# 'Nudja-like sausage



## atomicsmoke (Dec 19, 2015)

It says 'nduja like since I didn't use calabrian peppers.

I made this with belly and Hungarian paprika.

I decided to do four blends: mild non-fermented smoked, mild non-fermented no-smoke, hot fermented smoked, hot fermented no-smoke.
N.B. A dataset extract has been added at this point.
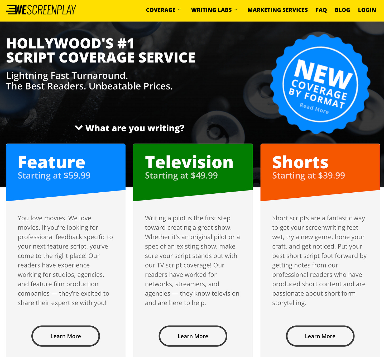 Notice they are Hollywood’s #1 Script Coverage Service. (Did I tell you I’m the #1 mailroom intern at a top three Hollywood agency?)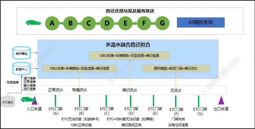摘要:隨著省界收費(fèi)站全部取消,全國(guó)實(shí)現(xiàn)了“收費(fèi)一張網(wǎng)”,極大地提升了高速公路路網(wǎng)通行效率,然而在經(jīng)濟(jì)利益的驅(qū)使下,偷逃通行費(fèi)行為層出不窮并呈現(xiàn)出多樣化、隱蔽化特點(diǎn)。傳統(tǒng)稽核方法存在依賴人工、遏制難度大、運(yùn)營(yíng)服務(wù)能力不足等問(wèn)題,無(wú)法滿足新收費(fèi)模式下的稽核需求。本文基于大數(shù)據(jù)、邊緣計(jì)算、AI算法等技術(shù),對(duì)AI稽核系統(tǒng)平臺(tái)建設(shè)進(jìn)行了探討,提出了多流水融合路徑還原、邊緣計(jì)算實(shí)時(shí)稽查、多維AI稽核引擎等方法,并建立了多種偷逃費(fèi)稽核模型。結(jié)果表明,AI稽核系統(tǒng)可有效核查多種偷逃費(fèi)行為,模型準(zhǔn)確率高,能夠滿足核查需求。

They are at 25% weight loss. I grabbed one fermented/hot no-smoke for a taste.












_20151219_162045.JPG



__ atomicsmoke
__ Dec 19, 2015





The mold spores from my sopressatta like this sausage...but it got too cold/dry for them.














_20151219_162045.JPG



__ atomicsmoke
__ Dec 19, 2015






On some crusty bread












_20151219_162103.JPG



__ atomicsmoke
__ Dec 19, 2015






I will leave the other sticks hanging. Unlike salamis and cured muscle there is only so much water nduja can lose.


----------



## daveomak (Dec 19, 2015)

Looks mighty fine to me....


----------



## disco (Dec 21, 2015)

Wow. Looks good.

Disco


----------



## DanMcG (Dec 21, 2015)

Looks good! What percents lean /fat do you think you used? and hows it taste?


----------



## atomicsmoke (Dec 21, 2015)

DanMcG said:


> Looks good! What percents lean /fat do you think you used? and hows it taste?


It was just belly. You can also use jowl.

Tastes great.


----------



## harleykids (Dec 23, 2015)

Looks great!  Does it spread well on crust bread?


----------



## atomicsmoke (Dec 23, 2015)

Yes.


----------